The ground cover of your bonsai is one of the important elements that will add greatly to the overall visual composition aspect of your bonsai tree, as well as assist in providing soil chemical stability and retaining temperature and moisture for the bonsai tree’s surface roots. A good choice of ground cover vegetation coupled with other landscaping accessories will complement your bonsai tree greatly and is one of the assessment factors in bonsai competitions.
Before you begin adding ground cover plants, a few things to remember are the feeding and watering aspects. Feeding your bonsai tree with pellets should only be conducted at the roots, and try not to wet the ground cover plants if they originate from dry, rocky, or alpine conditions (these make the best choices actually). If the ground cover plants receive too much nutrients, they will grow too luxurient; and if they receive too much water, they might perish. But that should not be too much of a problem, as a properly maintained bonsai tree will also result in happy “underling” plants.
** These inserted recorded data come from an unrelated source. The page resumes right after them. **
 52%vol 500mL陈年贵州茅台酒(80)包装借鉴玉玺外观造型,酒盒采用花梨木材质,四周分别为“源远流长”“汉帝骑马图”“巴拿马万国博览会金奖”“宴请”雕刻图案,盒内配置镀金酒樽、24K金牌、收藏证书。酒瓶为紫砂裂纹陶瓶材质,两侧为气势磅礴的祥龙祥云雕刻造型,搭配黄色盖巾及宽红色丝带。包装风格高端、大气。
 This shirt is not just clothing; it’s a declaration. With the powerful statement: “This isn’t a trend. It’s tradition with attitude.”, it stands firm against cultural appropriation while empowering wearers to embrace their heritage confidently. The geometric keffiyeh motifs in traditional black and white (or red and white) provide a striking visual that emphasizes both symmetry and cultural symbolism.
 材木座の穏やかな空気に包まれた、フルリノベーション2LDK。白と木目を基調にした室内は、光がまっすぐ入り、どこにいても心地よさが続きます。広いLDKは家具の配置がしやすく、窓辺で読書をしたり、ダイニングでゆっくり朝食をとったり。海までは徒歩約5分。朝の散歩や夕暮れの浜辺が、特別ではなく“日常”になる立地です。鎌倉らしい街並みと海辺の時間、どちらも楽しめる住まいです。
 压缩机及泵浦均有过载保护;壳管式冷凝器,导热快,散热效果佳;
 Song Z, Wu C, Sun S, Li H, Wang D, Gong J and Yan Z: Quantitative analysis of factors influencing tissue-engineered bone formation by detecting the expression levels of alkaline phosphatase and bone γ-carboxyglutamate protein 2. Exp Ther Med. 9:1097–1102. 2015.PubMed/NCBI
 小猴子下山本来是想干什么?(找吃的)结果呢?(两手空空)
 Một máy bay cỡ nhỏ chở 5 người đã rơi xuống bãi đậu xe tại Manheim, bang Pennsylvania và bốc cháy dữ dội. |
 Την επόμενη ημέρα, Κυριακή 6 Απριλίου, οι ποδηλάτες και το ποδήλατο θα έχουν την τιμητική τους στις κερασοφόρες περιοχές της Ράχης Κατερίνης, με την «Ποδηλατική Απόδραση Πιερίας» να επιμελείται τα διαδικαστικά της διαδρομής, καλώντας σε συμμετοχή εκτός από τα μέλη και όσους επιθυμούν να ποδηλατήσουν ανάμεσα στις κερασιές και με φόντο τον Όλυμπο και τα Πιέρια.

Lawn Lobelia (Pratia angulata) is a perennial alpine plant from New Zealand which forms suitable mat cover over the ground. It produces small stemless white flowers and needs rather stable moist soil to flourish.
Sea Heath (Frankenia laevis) is a plant of the upper level saltmarsh areas of Europe near seashores. It produces pale lavender flowers in summer and has leaves that resemble heather.
Baby Tears (Soleirolia solerirolii) is a popular choice of many bonsai growers worldwide. Evergreen, with small, round, green leaves and a penchant for spreading rapidly, it is easy to grow and thus as a ground ground cover, it is suitable for many styles of bonsai. However, Baby Tears can also overwhelm your bonsai tree and design due to it’s vigorous growth habit, and should always be kept in check. It tends to spill over the pot, and needs constant pinching.
Raoulia (Raoulia australis) is a tiny mat forming alpine plant with stemless pale yellow flowers. It has tiny greyish leaves and when it blossoms in summer, produces a carpet of yellowish hue on the ground. It cannot stand prolonged drought, but sensible watering is all that is needed to keep it healthy. Able to tolerate light shade.
Corkscrew Rush (Juncus effusus spiralis) is a type of evergreen dwarf rush that looks like long green colored noodles from a distance. It needs constant high moisture, and so is best for trees that also grow in wet conditions, like Swamp Cypress or Willow.
Dwarf Mondo (Ophiopogon japonicus) is a native Japanese evergreen perennial grass, that can stand partial drought, though it doesn’t like full sunlight, and can do well in partial shade. Since Dwarf Mondo grass spreads by underground tubers, you will need to examine under the surface every few years (during re-potting of the bonsai is a perfect time) to ensure that it isn’t taking over space needed for the bonsai tree roots.
Dwarf Lady Fern (Athyrium filix-femina crispum) is a great perennial fern for the larger bonsai trees. All the Lady Ferns make good gardening subjects in general, as they do not get in the way of the main subjects and are shade tolerant. The dwarf variety are thus suitable for bonsai growing.
Despite the bewildering array of ground cover plants, you might want the easy alternative – mosses/liverworts. Just getting a partial cover of short moss to grow around the roots works fine. Mosses and liverworts can be found growing in damp areas along stream side boulders or old buildings where the walls are shaded. Keep them moist by regular spraying until they get established.
There exists a multitude of suitable ground cover plants for growing bonsai, and those above are but a fraction of the plentiful choices available. It must be remembered that the ground cover should never be totally shaded and covered up with growth, as the soil needs the warmth from the sun to provide conducive conditions for root growth.